The increase in extreme income fluctuations began in the mid-1990s and grew asymmetrically, increasing more for income losses than for income gains. The relative growth in large income losses is likely to moderate any improvement in well-being related to the increases in the mean income of low-income children. Nearly one-half the excess growth from 1984 to 2010 in extreme income losses among low-income children can be explained by patterns of employment and family composition and the unequal distribution of union formation and employment changes. Large income losses associated with unemployment grew substantially over the period. These trends provide new evidence of the increased income insecurity of low-income children and are further supported by exploratory analysis showing large increases in the incidence of very low incomes concentrated among children with single parents. The results point to unemployment rather than union dissolution as the immediate source of burgeoning income insecurity, but family composition is centrally important because extreme income losses have grown most in nonworking single-parent families.

Rising income insecurity among low-income children follows changes in antipoverty policy and economic conditions, which required more employment from poor parents and exposed them to an increasingly precarious low-wage labor market. Changes in anti-poverty policy required more employment from poor parents following welfare reform and the expansion of the EITC in the 1990s. As low-income mothers moved into the labor force, they were increasingly exposed to the risks of unemployment and the cycles of the broader economy. Low-income parents who remained outside the labor market had less access to income support programs than in the era before welfare reform. Thus, children in single-parent families increasingly experienced both very low incomes and extreme negative income instability. The increase in insecurity among low-income children between the 1996 and 2001 panels was larger than the increase between the 1996 and 2004 panels. Economic recession in 2001 may have increased insecurity further after welfare reform, but even in the following economic recovery, incomes were more unstable for low-income children than in the 1990s.

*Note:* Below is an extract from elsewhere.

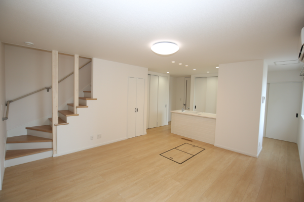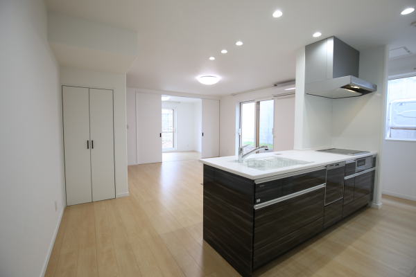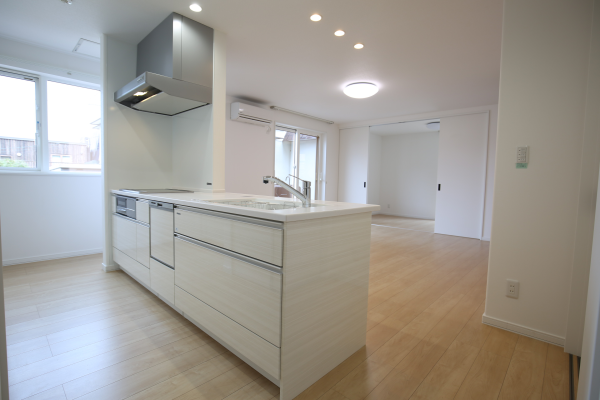 ▲ 親世帯の居間 タカラ製フラット対面キッチン仕様で背面造作収納たくさん!

To better understand these trends, future research should explore the relative roles of employment and income support programs for the economic security of low-income families. The role of employment could be examined by analyzing the relative income shares of transfer, tax credit, and labor market earnings and their contributions to income instability. Unlike monthly transfer benefits (such as food stamps) that tend to smooth the flow of income, a lump sum EITC payment might add to measured income volatility (the effect of EITC on consumption has been studied by McGranahan and Schanzenbach 2013). The analysis of income insecurity could further examine whether EITC effectively relieves economic uncertainty among low-income families that are tenuously attached to the labor market. Tax credits, food stamps, and housing subsidies have moderated the growth in extreme poverty (Shaefer and Edin 2013). Research on extreme poverty could usefully be extended by considering the effects of income supports on month-to-month income insecurity.

The close links among very low incomes, unemployment, and extreme income insecurity also suggest a renewed focus on the working lives of poor families and their access to income-support programs. For the intermittently unemployed, a low level of income support during spells of joblessness may be related to the speed of enrollment, the uptake rate for programs, and conditions of eligibility. For the persistently unemployed, the level of benefits and rules for eligibility seem important conditions for the increased prevalence of incomes near or below subsistence levels. In short, recent evidence of growing numbers of children with very low income suggests new forms of acute economic hardship among those who remain outside the labor market in the era of the employment-based safety net.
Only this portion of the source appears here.